There are currently 39 different characters that can be unlocked by playing.

Apart from the endless game mode, there other 4 modes that have specific characteristics and require the player to reach a certain height to finish, and are subdivided in 12 levels that increase the difficulty and height. "Underwater" slows the down the speed of your jump; "High speed" increases the speed of the oncoming blocks; "Perfect jumps" requires that the player perfectly lines up all blocks until the end of the level; and "Fireball" makes a fireball come from the sides at each jump and the player must jump over it.

== Design ==
The game has simplistic 3D graphics with small stylized characters. There are several different background themes (which also change the appearance of the blocks) that can be chosen along with the characters, apart from the preset and unchangeable themes that the different game modes have.
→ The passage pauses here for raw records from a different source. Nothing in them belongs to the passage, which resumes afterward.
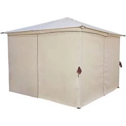 Das Dach wird mit Klettverschlüssen am Gestell befestigt. Durch die PVC-Beschichtung ist dieser Pavillon auch bei Regen nutzbar und bietet Personen und Gartenmöbeln Schutz vor Wasser. Die Seitenteile sind jeweils in der Mitte zu öffenen und können dann komplett an die Ecken geschoben werden. Es sind insgesamt vier Seitenteile im Lieferumfang enthalten, der Pavillon kann damit komplett verschlossen werden. Je nach Bedürfnis können einzelne Felder oder auch der komplette Pavillon geöffnet werden.
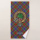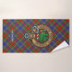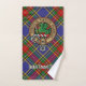 Clan MacBeth crest badge surrounded by a strap and buckle over tartan background. Custom text on each towel.
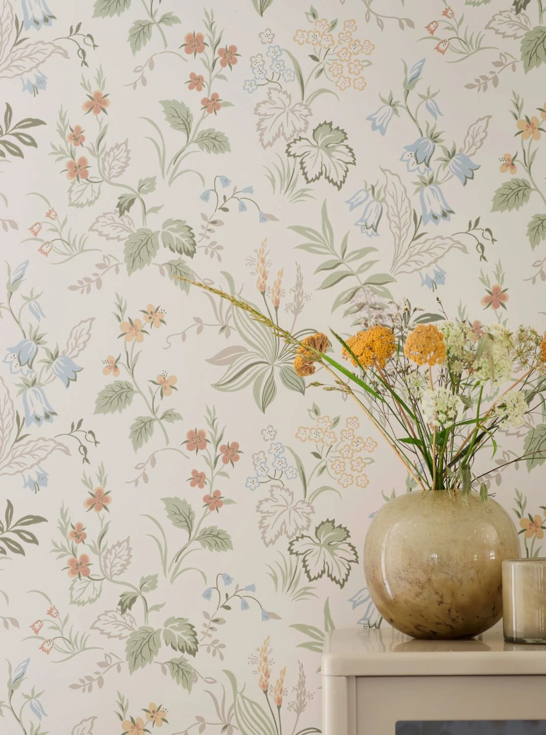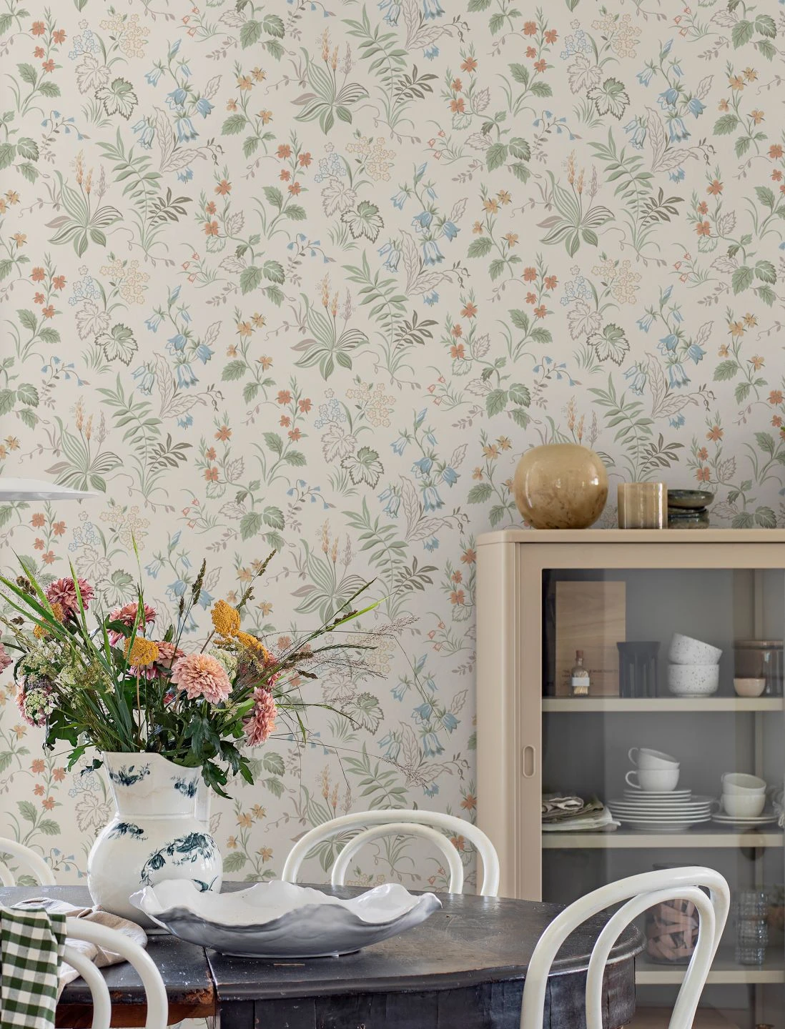 Duftig und zart sind die Blumen, Gräser und Kräuter, die wie zufällig auf der Fläche Ihrer Wand verstreut sind wie auf einer blühenden Sommerwiese. Die hellen Grün-, Beige- und Blautöne und das Orangebraun auf dem grauweißen Grund lassen die Vliestapete leicht und luftig wirken. Mit einem Hauch von folkloristischem Stil bereichert Ulrika den skandinavischen oder den Landhausstil um sommerliche Natürlichkeit und Frische.

There are multiple characters/monsters that can be used for gameplay, and the blocks change color for every play.

Some characters have their own background themes (for instance, the Frankenstein's monster character is set in a graveyard with graveyard-themed blocks), but the background theme can still be changed.

== Reception ==
The game has been overall complimented by reviewers for the simple gameplay which makes learning how to play easier, overall low difficulty and friendly graphics. It is considered an addictive casual arcade game, but is often remarked to have it harmed due to lack of replay value.

Reviewers, however, criticized it for the invasive advertisement pop-ups and the abusiveness of the price to remove them.